The four soon agree to the proposal. There’s little time to rest and prepare themselves for the trial, so they simply move Orinor’s head to the throne where it can be rejoined with his body, and wait. When night falls, the mist begins to rise off the lake. And as the mist creeps around the stones, they become whole again — the pillars become tall and uneroded, the colonnade gains a roof, the throne becomes smooth and whole. The mist also restores flesh to the seated giant’s body. Honora quickly levers Orinor’s head into place, and calls on the power of Valysa to make the wound whole.
Orinor shudders, and takes a deep breath — then he stands, and roars laughter. Baden and Honora tighten their grips on their axes. And the bones begin to rise. Four giantish skeletons, one of which has a single eye socket gleaming with pale fire.
“Will you fight along with us?” Abbron asks Orinor, his eyes warily on the hulking undead. The mist giant, though a mere scholar by his own admission, takes up one of the hill giant clubs and braces.

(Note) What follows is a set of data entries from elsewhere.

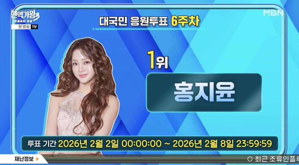 홍지윤, '현역가왕3' 대국민 응원투표 굳건한 1위…2위 강혜연・3위 이수연
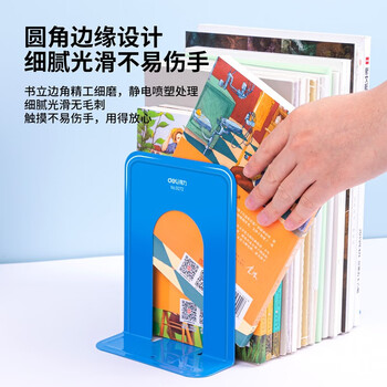 • 得力(deli)7英寸(高17cm)金属铁桌面书立2片/ 办公学习用品 蓝色 9272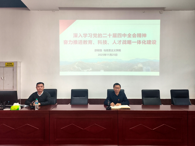 根据永利集团88304官网师生党员集中教育培训有关安排,2025年11月25日14:10,永利集团88304官网邀请马克思主义永利集团88304官网舒斯强博士为永利集团88304官网全体师生党员作学习贯彻党的二十届四中全会精神专题辅导报告。永利集团88304官网全体师生党员现场聆听报告,报告会由永利集团88304官网党委书记刘庆言主持。

The giant skeletons are remarkably quick for their size. Honora moves to pin down one; Baden isolates a second. Abbron and Orinor challenge a third, while the cyclops fixes its missing eye on Bralta.

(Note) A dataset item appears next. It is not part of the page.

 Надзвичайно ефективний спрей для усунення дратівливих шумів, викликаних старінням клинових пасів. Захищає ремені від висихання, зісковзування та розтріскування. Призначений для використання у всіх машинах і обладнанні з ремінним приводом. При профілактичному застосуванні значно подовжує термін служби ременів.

Fortune favors the heroes. The undead giants are strong, but the sacred power running through the paladin and the avenger is stronger. Abbron pummels a skeleton with thunder and lightning, and Orinor proves that although he may be “a humble scholar,” he is still a mist giant, with all the strength of their kind. Blow after blow lands home.

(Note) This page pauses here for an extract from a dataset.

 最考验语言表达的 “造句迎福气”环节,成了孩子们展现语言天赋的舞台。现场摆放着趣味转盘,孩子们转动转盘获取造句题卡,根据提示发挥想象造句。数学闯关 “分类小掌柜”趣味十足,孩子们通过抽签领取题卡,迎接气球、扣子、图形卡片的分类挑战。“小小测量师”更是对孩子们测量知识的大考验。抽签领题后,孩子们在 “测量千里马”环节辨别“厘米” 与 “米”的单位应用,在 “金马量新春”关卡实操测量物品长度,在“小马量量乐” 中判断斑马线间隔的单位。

The skeletal cyclops has the most vicious attack. It claws away Bralta’s physical form, rending her insubstantial, then burns away a part of her ghostly form with its gaze. Honora pulls her back to physical form with a burst of divine energy, then finishes the cyclops. Her axe claims another skeleton, Baden’s a second, and Abbron finally blasts away the last.
Orinor bellows with laughter again. “You fight well, little ones! A bargain is a bargain. Think on what you would ask me, and I will answer your questions when you are ready.”
The mist giant strides down to the lakeshore while the four begin to discuss the questions to ask. He drinks deeply, strips and wades through the water with the delight of the recently re-embodied. Finally he returns, settles into the seat, and rests his hands on his knees. Abbron steps forward.
“Ask,” says Orinor.
“What is the Rider in White?”
Orinor closes his eyes, and pauses. “A wraith. The ghost of the last survivor of a lost village — the ghost of the entire village. He alone remembers all the names of those who died. He… despises the living for drawing breath while those close to him do not. He craves stillness and silence in the land.”
Orinor pauses, nods. “Ask.”
“How do we sever the link between the Stoic Man and his creator?”
Another pause. “There is a knife in Lanthorn. It has tasted the blood of the creator and the flesh of the created. Bless it to cleanse away the blood of the father, and drive it into the son’s flesh.”
He exhales. “Ask.”
“Among our enemies are those who wander. Where can we take the nomads by surprise?”
A final pause. “The Fool watches from behind glass. He sees clearly… unless the glass is clouded. The Assassin sits in a tower in Lanthorn, called to aid his ally when the need is there. They are patient, and they are vigilant.”
His divinations complete, Orinor rises to his feet. He thanks the small folk again for their aid, and wishes them well. Then he walks into the fog and is lost to sight. The mist clears, and the stones become weathered and worn again, as the sun rises.